What the task asks: Please count the lines with the word "para" in the material below, then state the number by itself.

Extracted information:
=-=-=-=-=

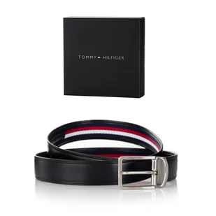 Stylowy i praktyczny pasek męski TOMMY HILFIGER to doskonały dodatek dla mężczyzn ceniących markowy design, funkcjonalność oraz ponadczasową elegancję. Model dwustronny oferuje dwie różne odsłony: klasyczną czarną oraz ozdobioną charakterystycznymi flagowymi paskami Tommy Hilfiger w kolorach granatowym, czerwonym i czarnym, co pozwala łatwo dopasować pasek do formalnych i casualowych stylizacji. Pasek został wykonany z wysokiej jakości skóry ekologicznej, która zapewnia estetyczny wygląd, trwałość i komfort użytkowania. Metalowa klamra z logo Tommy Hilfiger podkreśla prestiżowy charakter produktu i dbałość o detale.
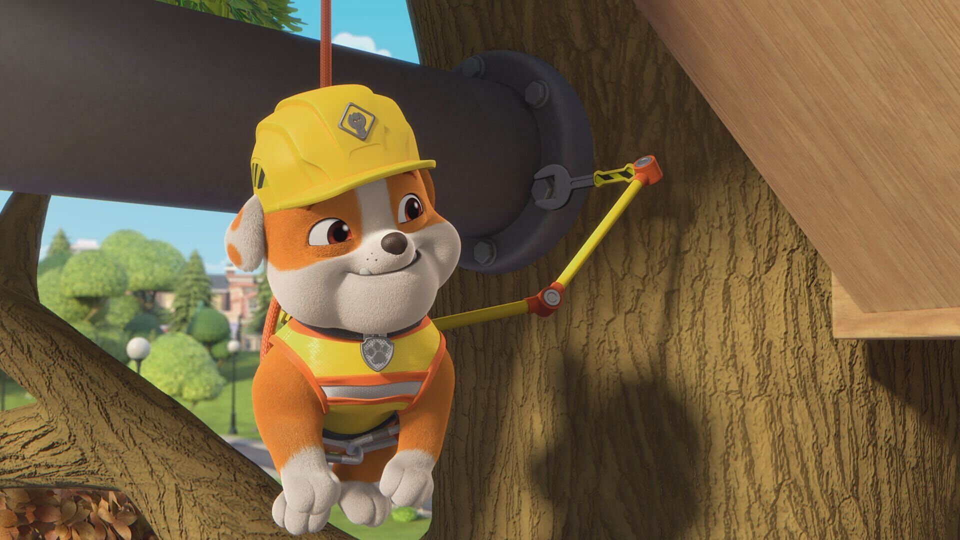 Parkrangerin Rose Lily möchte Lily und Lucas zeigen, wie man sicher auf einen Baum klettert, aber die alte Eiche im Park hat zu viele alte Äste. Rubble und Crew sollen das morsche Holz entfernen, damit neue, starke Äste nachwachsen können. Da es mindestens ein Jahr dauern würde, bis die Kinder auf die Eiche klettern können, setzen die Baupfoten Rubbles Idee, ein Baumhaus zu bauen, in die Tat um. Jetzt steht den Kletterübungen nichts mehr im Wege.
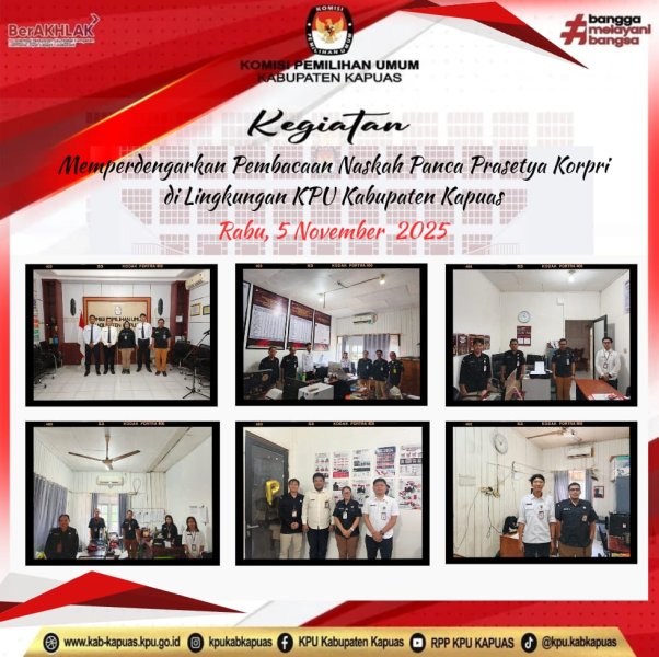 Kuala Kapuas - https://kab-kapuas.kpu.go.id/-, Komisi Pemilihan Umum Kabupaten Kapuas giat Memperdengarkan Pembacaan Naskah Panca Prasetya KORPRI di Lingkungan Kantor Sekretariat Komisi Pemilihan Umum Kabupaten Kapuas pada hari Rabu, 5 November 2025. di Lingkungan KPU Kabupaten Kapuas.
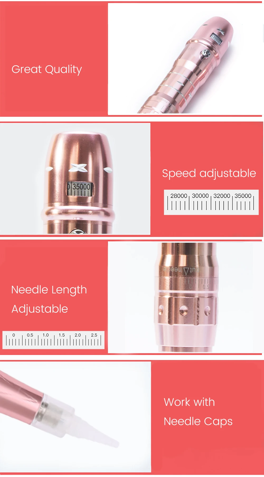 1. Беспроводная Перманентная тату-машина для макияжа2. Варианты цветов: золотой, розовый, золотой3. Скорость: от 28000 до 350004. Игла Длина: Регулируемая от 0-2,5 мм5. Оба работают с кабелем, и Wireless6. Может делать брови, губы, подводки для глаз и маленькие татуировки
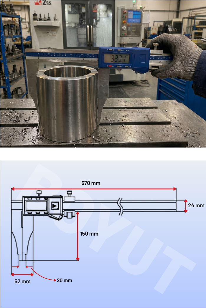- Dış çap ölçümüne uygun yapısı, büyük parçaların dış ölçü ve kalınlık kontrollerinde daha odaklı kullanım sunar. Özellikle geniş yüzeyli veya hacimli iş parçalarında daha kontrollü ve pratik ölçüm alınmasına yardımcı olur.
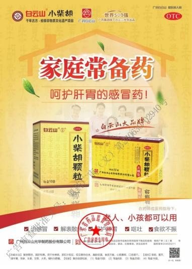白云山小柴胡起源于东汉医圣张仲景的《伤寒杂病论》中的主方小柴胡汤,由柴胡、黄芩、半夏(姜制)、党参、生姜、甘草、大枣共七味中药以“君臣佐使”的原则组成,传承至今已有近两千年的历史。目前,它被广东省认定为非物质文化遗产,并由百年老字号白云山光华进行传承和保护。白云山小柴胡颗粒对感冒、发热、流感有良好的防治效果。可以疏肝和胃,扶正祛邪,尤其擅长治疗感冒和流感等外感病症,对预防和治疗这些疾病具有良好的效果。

=-=-=-=-=

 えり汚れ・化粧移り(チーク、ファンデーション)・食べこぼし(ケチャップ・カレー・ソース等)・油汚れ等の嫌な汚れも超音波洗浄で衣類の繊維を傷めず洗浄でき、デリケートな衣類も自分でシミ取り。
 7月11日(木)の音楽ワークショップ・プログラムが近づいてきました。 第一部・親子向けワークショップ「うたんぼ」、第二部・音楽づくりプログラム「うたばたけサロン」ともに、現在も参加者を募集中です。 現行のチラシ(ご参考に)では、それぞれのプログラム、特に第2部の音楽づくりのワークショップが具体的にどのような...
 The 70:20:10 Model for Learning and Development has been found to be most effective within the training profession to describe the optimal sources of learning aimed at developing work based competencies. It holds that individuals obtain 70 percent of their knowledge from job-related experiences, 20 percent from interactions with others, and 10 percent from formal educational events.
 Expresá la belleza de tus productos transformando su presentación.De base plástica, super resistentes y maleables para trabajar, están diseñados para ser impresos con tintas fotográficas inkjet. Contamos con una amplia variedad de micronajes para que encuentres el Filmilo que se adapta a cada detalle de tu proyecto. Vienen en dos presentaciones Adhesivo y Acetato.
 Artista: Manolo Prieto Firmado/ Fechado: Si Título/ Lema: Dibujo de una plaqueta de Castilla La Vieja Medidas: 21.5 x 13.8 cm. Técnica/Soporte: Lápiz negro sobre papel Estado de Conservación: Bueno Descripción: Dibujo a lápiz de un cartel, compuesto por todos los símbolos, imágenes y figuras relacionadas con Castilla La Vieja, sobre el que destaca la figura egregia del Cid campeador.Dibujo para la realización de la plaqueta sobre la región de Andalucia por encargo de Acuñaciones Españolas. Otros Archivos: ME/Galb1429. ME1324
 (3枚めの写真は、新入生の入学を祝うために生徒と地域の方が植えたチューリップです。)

=-=-=-=-=

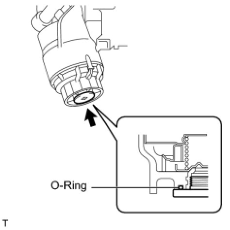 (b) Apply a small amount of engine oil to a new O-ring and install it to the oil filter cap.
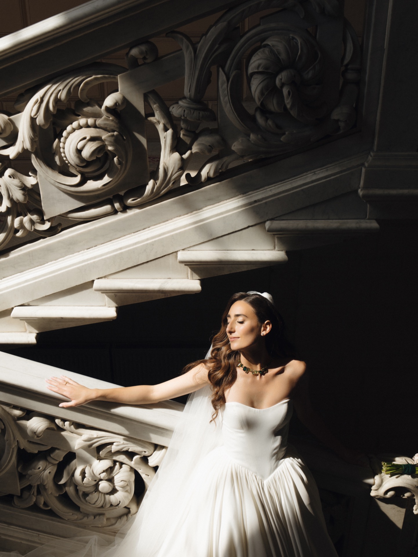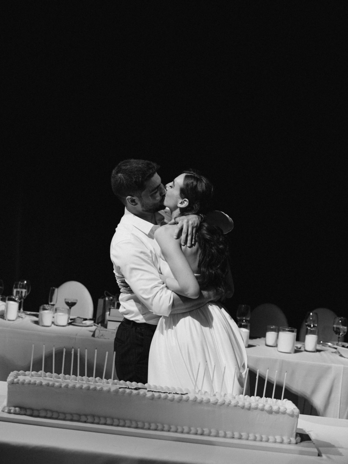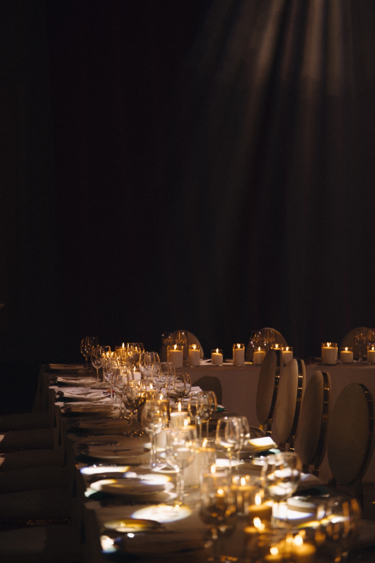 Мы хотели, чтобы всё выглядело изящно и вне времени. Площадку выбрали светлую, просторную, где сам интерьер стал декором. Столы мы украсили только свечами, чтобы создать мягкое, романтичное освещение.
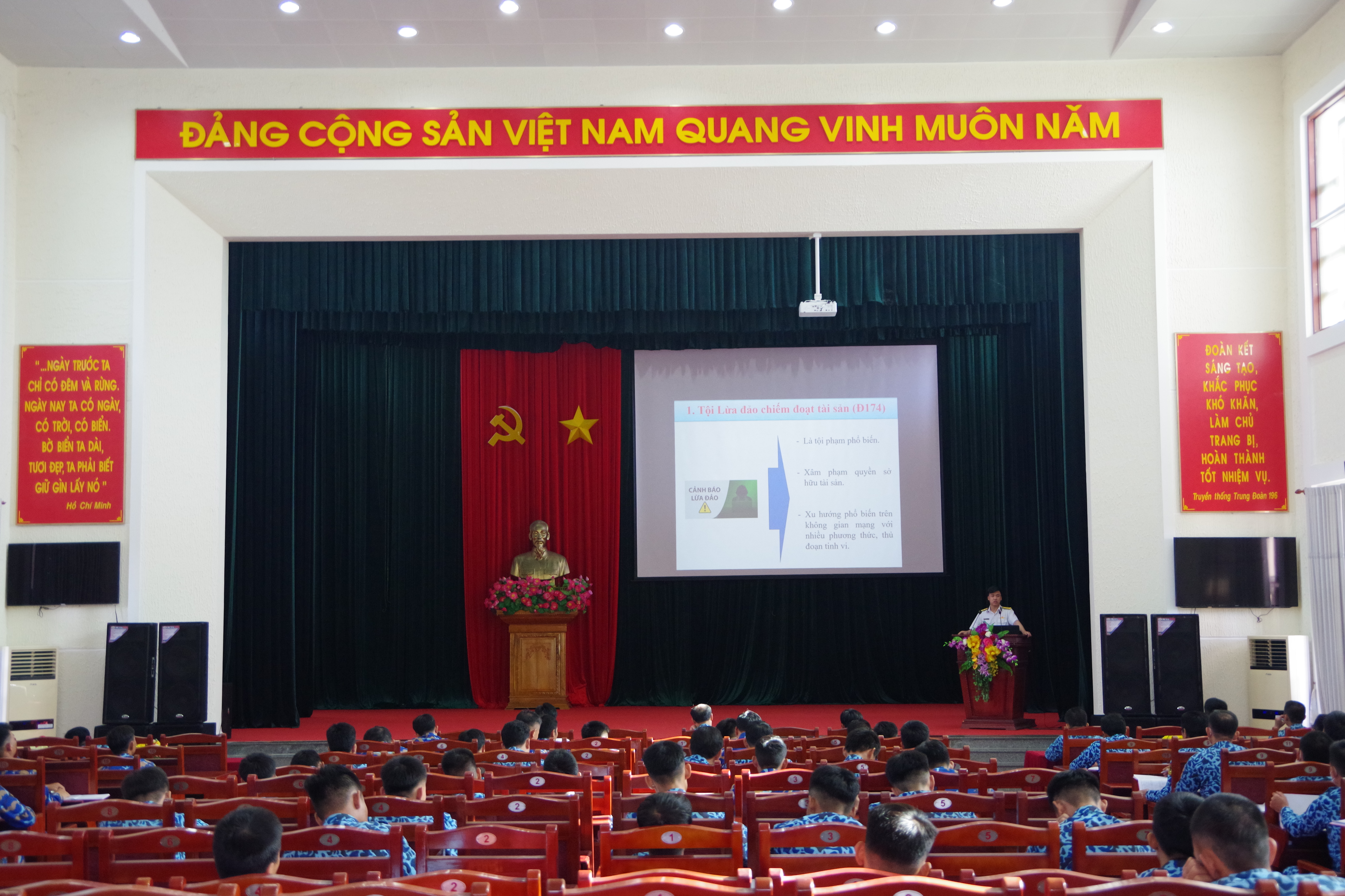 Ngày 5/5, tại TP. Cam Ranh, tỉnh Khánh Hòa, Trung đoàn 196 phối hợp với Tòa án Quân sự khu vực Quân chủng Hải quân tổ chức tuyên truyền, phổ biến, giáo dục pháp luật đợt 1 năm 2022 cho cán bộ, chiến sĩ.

=-=-=-=-=

Task result: 2